# Recorded data:

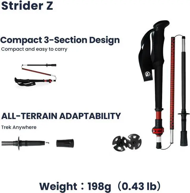 Versatile All-Terrain Tips Includes tungsten carbide tip, rubber caps, mud basket, and snow basket. Built to handle rocky paths, muddy trails, icy slopes, and snowy conditions year-round.
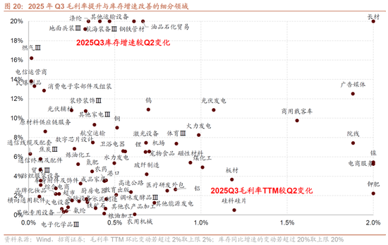 毛利率提升往往意味着行业盈利能力增强,可能是需求改善推动定价能力的提升,或是供应链优化带动成本的下降;库存增速上行,可能是企业备货以应对需求回暖,也可能是需求下滑导致库存积压。筛选毛利率和库存增速均改善的领域,结合中观景气变化,我们认为供需格局改善的细分领域集中在:
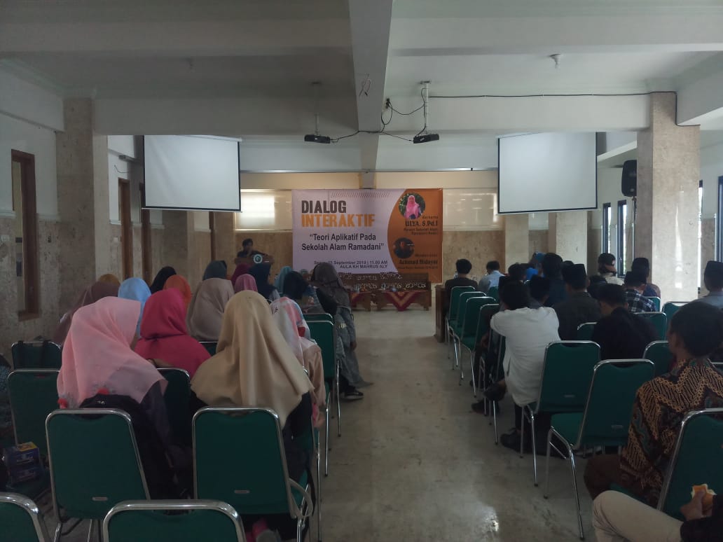 Pasca pembukaan selesai, mulailah memasuki acara inti yakni Dialog Interaktif dengan tema “Teori Aplikatf Pada Sekolah Alam Ramadhani” yang di pimpin oleh Ahmad Hidayat terlihat sebagai pemandu acara Atau moderator.
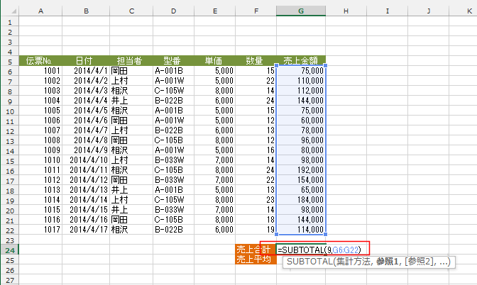 - =SUBTOTAL(101,G6:G22) としてもOKです。
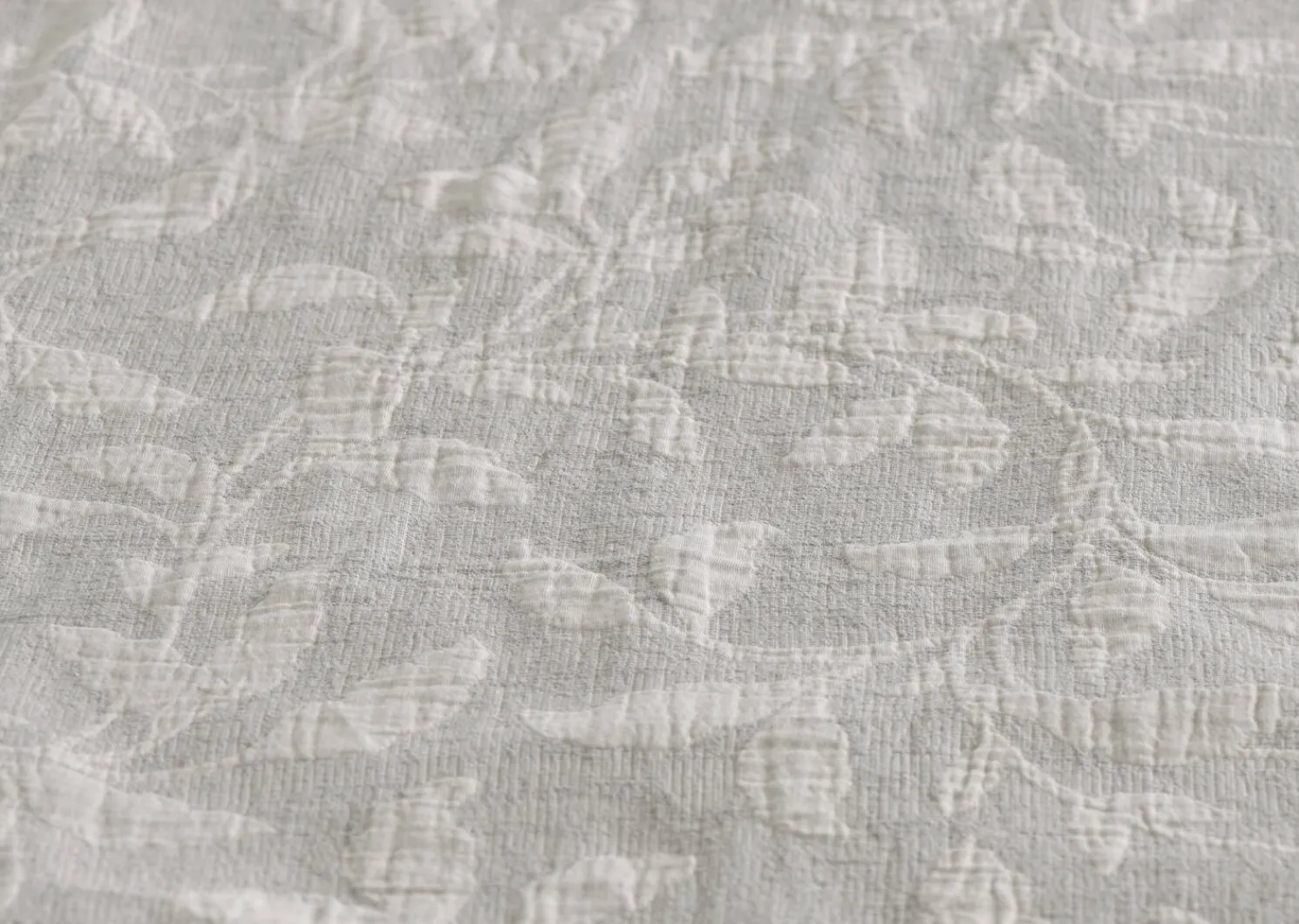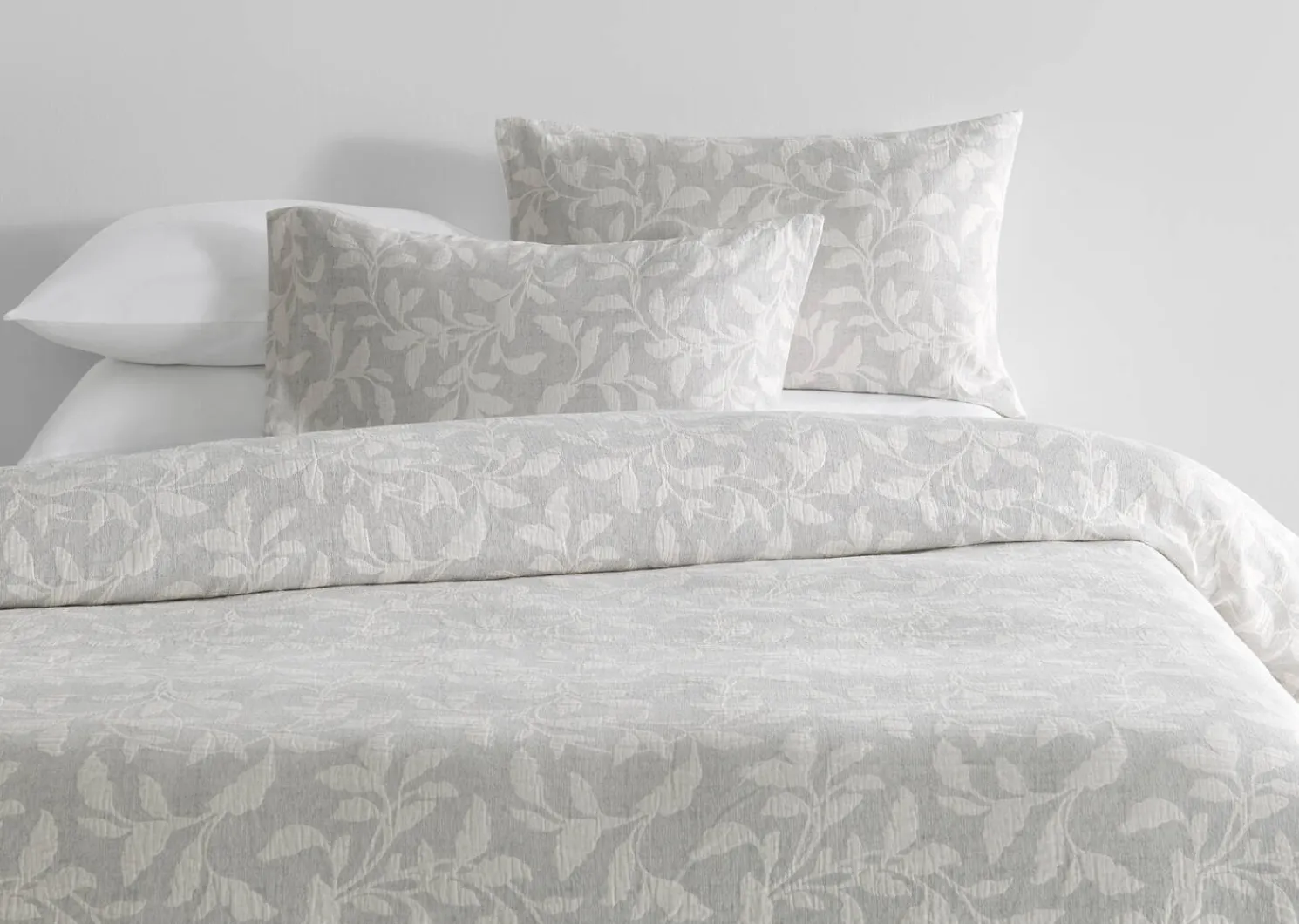 - Cotton jacquard duvet in light grey with ivory leaf pattern

# ASSIGNMENT:
Restate the data above word for word, so that the only difference is the missing pictures.

# RESULT OF THE EXERCISE:
 Versatile All-Terrain Tips Includes tungsten carbide tip, rubber caps, mud basket, and snow basket. Built to handle rocky paths, muddy trails, icy slopes, and snowy conditions year-round.
 毛利率提升往往意味着行业盈利能力增强,可能是需求改善推动定价能力的提升,或是供应链优化带动成本的下降;库存增速上行,可能是企业备货以应对需求回暖,也可能是需求下滑导致库存积压。筛选毛利率和库存增速均改善的领域,结合中观景气变化,我们认为供需格局改善的细分领域集中在:
 Pasca pembukaan selesai, mulailah memasuki acara inti yakni Dialog Interaktif dengan tema “Teori Aplikatf Pada Sekolah Alam Ramadhani” yang di pimpin oleh Ahmad Hidayat terlihat sebagai pemandu acara Atau moderator.
 - =SUBTOTAL(101,G6:G22) としてもOKです。
 - Cotton jacquard duvet in light grey with ivory leaf pattern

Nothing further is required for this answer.